If you author a subsite, here is where your largest changes will be. There’s a handy demo app which serves as a great reference.

Subsites now have a two-phase construction much like in Foundation.hs. So, where you might’ve had a single module like this:

module CommentsAdmin
  ( CommentsAdmin
  , getCommentsAdmin
  , Route(..)
  ) where

CommentsAdmin = CommentsAdmin

getCommentsAdmin :: a -> CommentsAdmin
getCommentsAdmin = const CommentsAdmin

mkYesodSub "CommentsAdmin"
    [ ClassP ''YesodComments [ VarT $ mkName "master" ] ]
    [parseRoutes|
        /                            CommentsR      GET
        /edit/#ThreadId/#CommentId   EditCommentR   GET POST
        /delete/#ThreadId/#CommentId DeleteCommentR GET POST
        |]

You now need a separate file to define the routes:

CommentsAdmin/Routes.hs

module CommentsAdmin.Routes where

CommentsAdmin = CommentsAdmin

mkYesodSubData "CommentsAdmin" [parseRoutes|
    /                            CommentsR      GET
    /edit/#ThreadId/#CommentId   EditCommentR   GET POST
    /delete/#ThreadId/#CommentId DeleteCommentR GET POST
    |]

And import/use them separately:

CommentsAdmin.hs

module Foo
  ( CommentsAdmin
  , getCommentsAdmin
  , module CommentsAdmin.Routes
  ) where

import CommentsAdmin.Routes

getCommentsAdmin :: a -> CommentsAdmin
getCommentsAdmin = const CommentsAdmin

instance YesodComments m => YesodSubDispatch CommentsAdmin (HandlerT m IO)
    where yesodSubDispatch = $(mkYesodSubDispatch resourcesCommentsAdmin)
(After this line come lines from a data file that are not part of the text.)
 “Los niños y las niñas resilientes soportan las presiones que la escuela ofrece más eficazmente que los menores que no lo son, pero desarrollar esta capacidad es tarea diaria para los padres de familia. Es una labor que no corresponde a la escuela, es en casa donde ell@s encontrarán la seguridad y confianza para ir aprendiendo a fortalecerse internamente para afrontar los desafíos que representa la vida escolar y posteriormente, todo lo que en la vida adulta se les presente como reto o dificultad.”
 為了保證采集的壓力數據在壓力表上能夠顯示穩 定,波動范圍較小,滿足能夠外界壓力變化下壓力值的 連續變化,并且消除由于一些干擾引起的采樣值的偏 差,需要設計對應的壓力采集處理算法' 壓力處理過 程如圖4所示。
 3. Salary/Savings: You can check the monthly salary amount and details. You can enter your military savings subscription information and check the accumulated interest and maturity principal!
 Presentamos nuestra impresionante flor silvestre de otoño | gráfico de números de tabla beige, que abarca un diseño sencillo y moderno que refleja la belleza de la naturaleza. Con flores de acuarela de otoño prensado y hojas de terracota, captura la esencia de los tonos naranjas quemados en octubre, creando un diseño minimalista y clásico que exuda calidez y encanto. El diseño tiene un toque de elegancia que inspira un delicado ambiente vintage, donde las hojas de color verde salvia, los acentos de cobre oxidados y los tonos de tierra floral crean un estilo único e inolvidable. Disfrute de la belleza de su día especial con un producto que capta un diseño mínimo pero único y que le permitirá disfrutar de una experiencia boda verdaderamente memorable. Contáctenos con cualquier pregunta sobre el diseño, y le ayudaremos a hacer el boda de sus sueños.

There’s probably a way around this, but I had enough wrestling to do.

You’ll also want to make a Handler synonym for your subsite routes:

type Handler a = forall master. YesodComments master
               => HandlerT CommentsAdmin (HandlerT master IO) a

getCommentsR :: Handler RepHtml

It’s fine to use Handler as long as you don’t export it.

Subsite Actions

What you do from within a subsite will definitely need some tweaking, but that’s mostly because the old way was very klunky and the new way is much cleaner.
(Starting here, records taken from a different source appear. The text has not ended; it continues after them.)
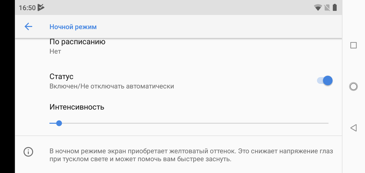 В принципе, яркий свет может приводить к нарушению суточного (циркадного) ритма (см. статью про iPad Pro с дисплеем 9,7 дюйма), но все решается подстройкой яркости до комфортного уровня, а искажать цветовой баланс, уменьшая вклад синего, нет абсолютно никакого смысла. Впрочем, эту настройку можно использовать для коррекции цветового баланса.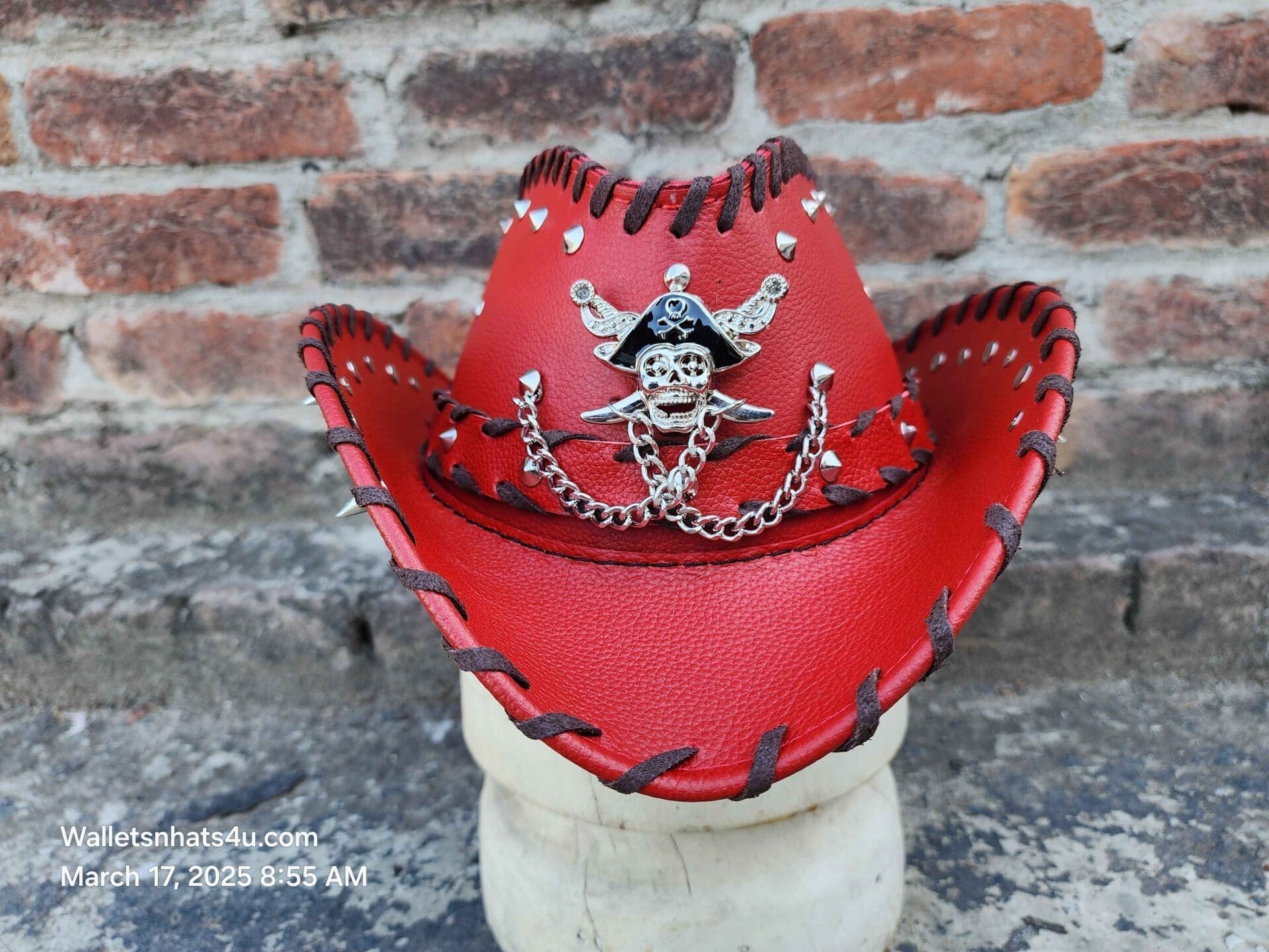 Make a bold statement with this handcrafted Red Leather Hat, blending fierce pirate vibes with edgy steampunk and rocker aesthetics.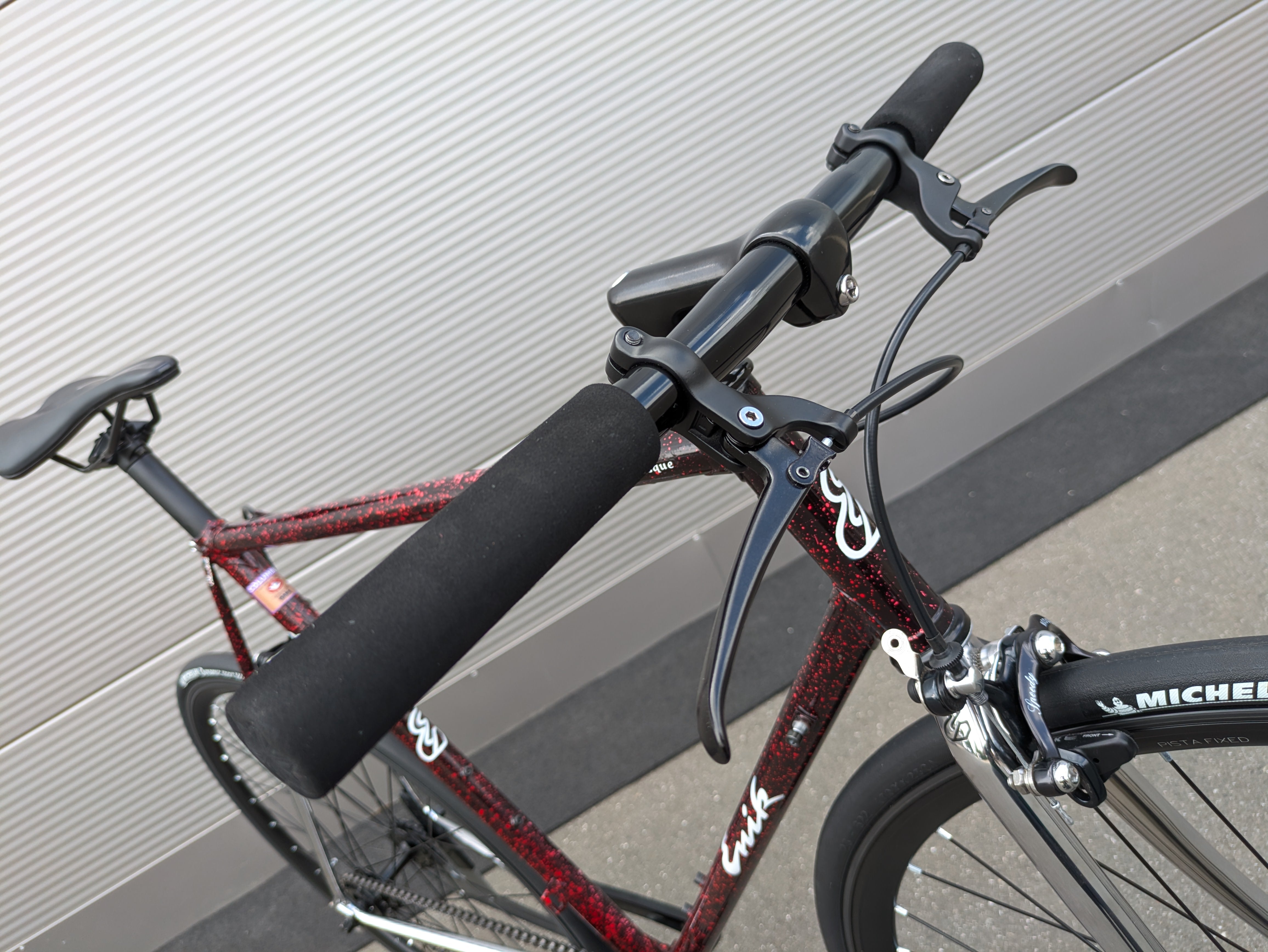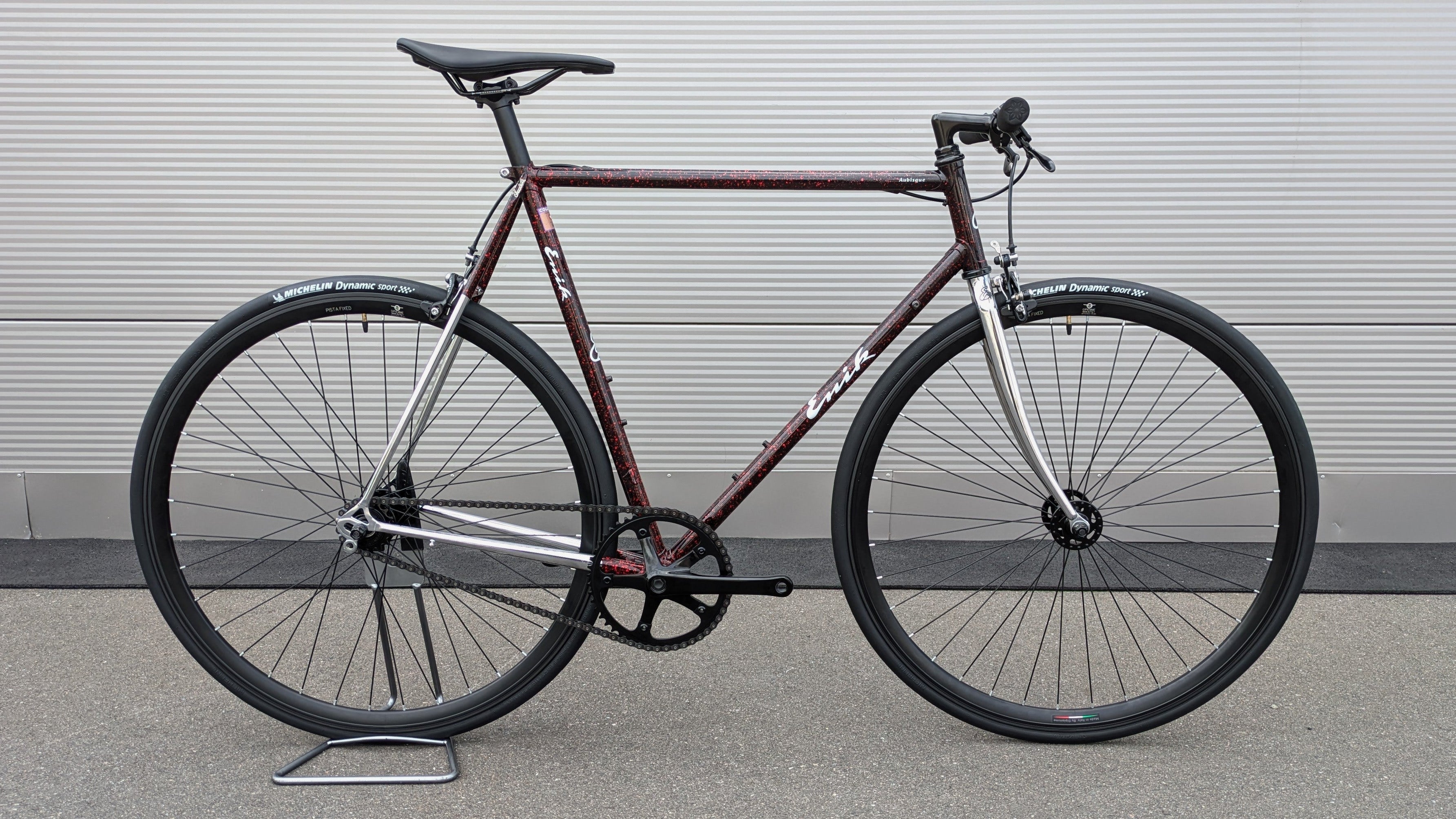 This Enik Aubisque from the 1990s has been stylishly converted into a singlespeed. The classic steel frame remains at its core, complemented by modern updates that give the bike a clean, urban look. Instead of the original drop bars, it now features a flat handlebar that ensures comfortable control in city traffic. New Gipiemme rims add both a fresh appearance and reliable performance.

If you want to call any functions in the context of the main site, just use lift. Usually, this’ll be lift $ defaultLayout, but also, as may be common, if you have a Typeclass on your master site providing some functionality (like loading comments), you need to use lift to call those functions from within subsite handlers.

Persistent Fields

If you derive PersistField also now derive PersistFieldSql. I don’t know the motivation behind the split, but as a user dog-fooding my own library, I soon realized I needed both instances on my Markdown type.

Persistent Actions

If you have a library exposing functions which are meant to be called within runDB, you probably already know those type signatures can get messy.
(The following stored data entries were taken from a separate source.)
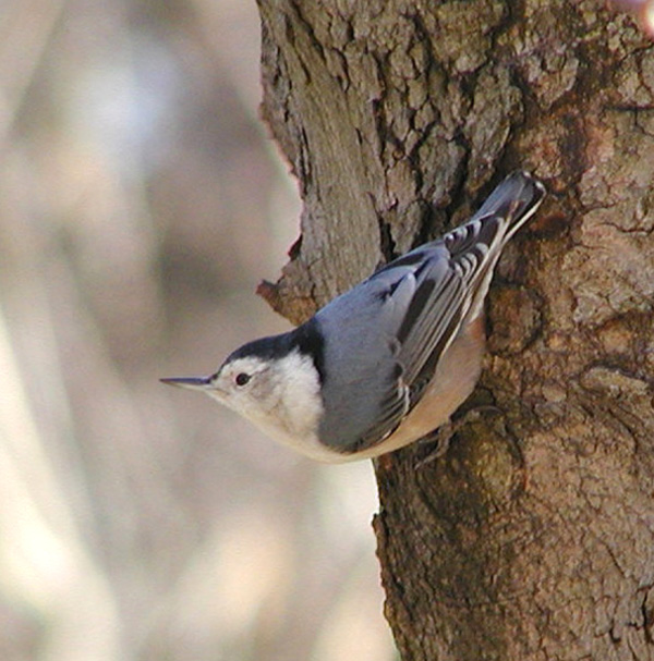 After admiring a few more Northern Cardinals, the new college graduates saw a White-breasted Nuthatch in a big oak on the street. Regrettably, it flew before others could see it; here is what it would have been:
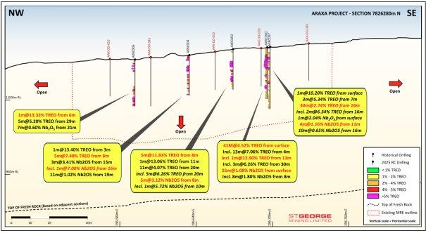 St George Mining Limited (ASX: SGQ) („St George“ oder „das Unternehmen“) freut sich bekannt zu geben, dass zusätzliche hochgradige Seltene Erden- und Niobium-Mineralisierungen durch die neuesten Analysen aus Bohrungen im zu 100 % unternehmenseigenen Araxá-Projekt in Minas Gerais, Brasilien, bestätigt wurden.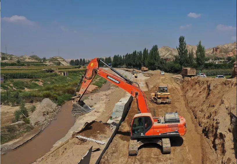 白銀至青城古鎮旅遊公路改建工程項目經理任發喜告訴記者,這條路沿河而建,在施工過程中,既不能影響沿線村民的農業生產灌溉,又要確保車輛通行,尤其是打路肩擋牆時,金溝河水總是倒灌入坑槽內,只能用水泵將水抽出後再施工,難度很大。
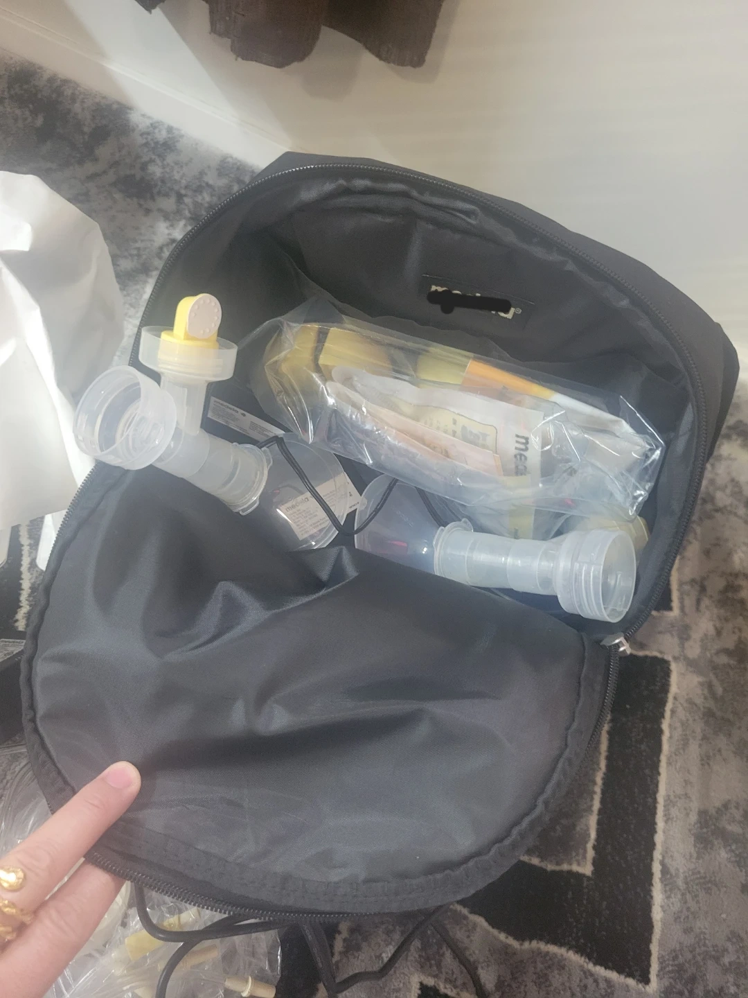This is a Medela Pump in Style Advanced breast pump kit. It comes with all the components shown in the images, including the pump motor, tubing, and collection bottles. Great for pumping on the go!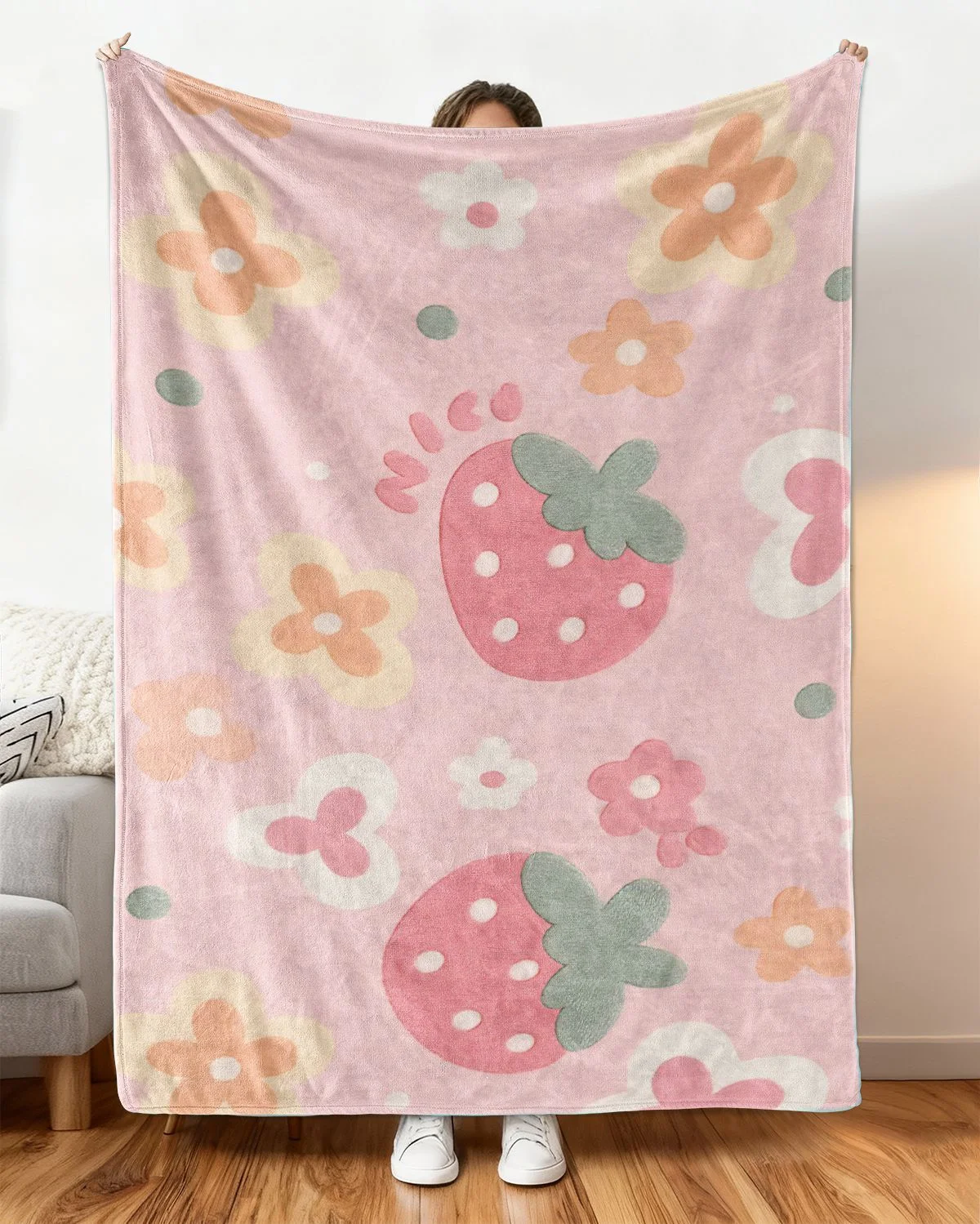 Holiday Wreath and Floral Love Gift Cozy Flannel Blanket-Cozy Classic,Plush,Warm,Lightweight,For Couch,Bedroom Use

Well, they stay messy, but at least I can tell you what you need to change. Mine went from this:

selectPaginated :: ( PersistEntity val
                   , PersistQuery m1
                   , PersistEntityBackend val ~ PersistMonadBackend m1
                   , MonadLift (GHandler s m) m1
                => Int
                -> [Filter val]
                -> [SelectOpt val]
                -> m1 ([Entity val], GWidget s m ())

To this:

selectPaginated :: ( PersistEntity val
                   , (PersistQuery (YesodPersistBackend m (HandlerT m IO)))
                   , (PersistMonadBackend (YesodPersistBackend m (HandlerT m IO)) ~ PersistEntityBackend val)
                   , (MonadTrans (YesodPersistBackend m))
                   , Yesod m
                   )
                => Int
                -> [Filter val]
                -> [SelectOpt val]
                -> YesodDB m ([Entity val], WidgetT m IO ())

I probably could’ve added the Yesod m constraint and used the YesodDB alias prior to 1.2, but oh well.